La sensibilité, d'Helen Maria Williams.

La sensibilité.

Recueil : Les poèmes sur divers sujets (1823)
Ô sensibilité ! qui des âmes chagrines
Fais le supplice et les douceurs,
Souffre qu'à ton autel j'ose attacher des fleurs
Dont mon cœur trop souvent a senti les épines.

Je ne demande point à jouir, sous ta loi,
D'un bonheur sans mélange ou de peine ou de crainte :
Tu verses tour-à-tour le nectar et l'absinthe ;
Je ne refuse rien de ce qui vient de toi.

Les bienfaits que du sort l'aveugle complaisance
Prodiguerait sans borne à des cœurs satisfaits,
Ne valent point ton trouble et ta douce espérance,
Ne valent pas le bien, pas le mal que tu fais.

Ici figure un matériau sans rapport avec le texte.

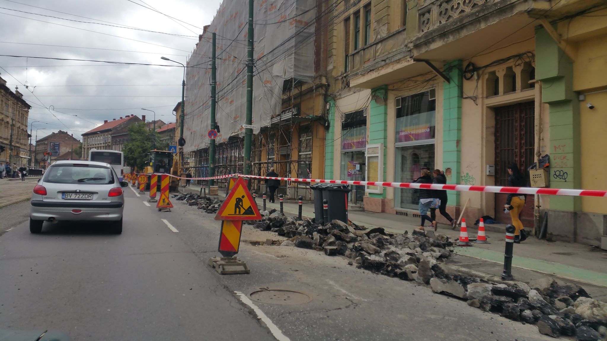Tramvaiele, autobuzele și autoturismele se înghesuie în intersecție și de abia te poți strecura printre mijloacele de transport pentru a trece. Lucrările nu au fost anunțate de Primăria Timișoara. Chiar dacă nu este o lucrare care aparține direct instituției, tot angajații de aici sunt cei care eliberează avizele de spargere a asfaltului.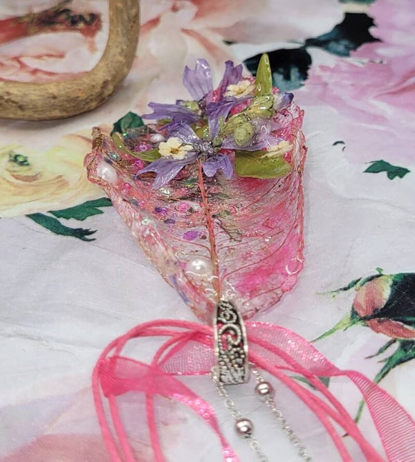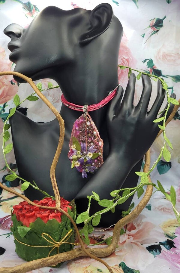 Le tout est scellé dans la résine et monté sur une jolie bélière argentée et collier ruban cordon rose et chaîne en maille boule en acier inoxydable

De tes célestes dons l'amitié pénétrée
Guérit les blessures du cœur ;
Des jours d'inquiétude accourcit la durée,
De la nuit du chagrin éclaircit la noirceur.

À la compassion que tu prêtes de charmes
Dans les humides yeux que tu sus attendrir !
Eh ! qui sait mieux que toi ce que vaut une larme ?
Eh ! qui sait mieux que toi ce que coûte un soupir ?

Lorsque pour s'exprimer, l'amour, l'amitié tendre
Cherchent en vain des mots, tu viens à leur secours ;
Ton accent supplée au discours ;
Et cet accent si doux les cœurs savent l'entendre.

Toi seule aux vrais amans inspires leurs transports,
Des plus nobles plaisirs source à jamais féconde ;
La froide raison cède à tes tendres efforts ;
Et la fidélité sur toi seule se fonde.

Tu veux qu'entre amis, entre amants,
Ce ne soit à jamais qu'un même esprit qui pense ;
Tu tresses les fils de leurs ans ;
Et par toi, l'un chez l'autre, ils trouvent l'existence.

Comme on voit un fluide ou monter ou tomber,
Si le chaud ou le froid règnent dans l'atmosphère,
On te voit tressaillir d'une joie étrangère ;
À la douleur d'un autre on te voit succomber.

Pour que le malheureux souffre moins de ses peines,
Tu veux qu'un être ami les partage avec lui ;
Ainsi l'arbre qui cache un baume dans ses veines,
Est blessé pour guérir les blessures d'autrui.

Sous tes lois cependant l'aveugle destinée
Condamne à des tourments qu'ailleurs on ne sent pas ;
Et la pointe des maux par toi plus raffinée,
Pénètre plus avant dans les cœurs délicats.

Les vulgaires esprits qui te nomment faiblesse
Sont des ennemis que tu crains ;
Et l'égoïste qui te blesse
S'étonne encor si tu te plains !

Quels maux tu dois souffrir quand celle à qui tout cède,
La mort, brise des nœuds que tu crus assurer !
Mais ces maux te sont chers, tu craindrais le remède,
Et tu rougirais d'espérer.

Toi-même alors gémis de cette loi si dure,
Qui, tôt ou tard, oblige à verser tant de pleurs ;
Qui vend si chèrement tes bienfaits à nos cœurs.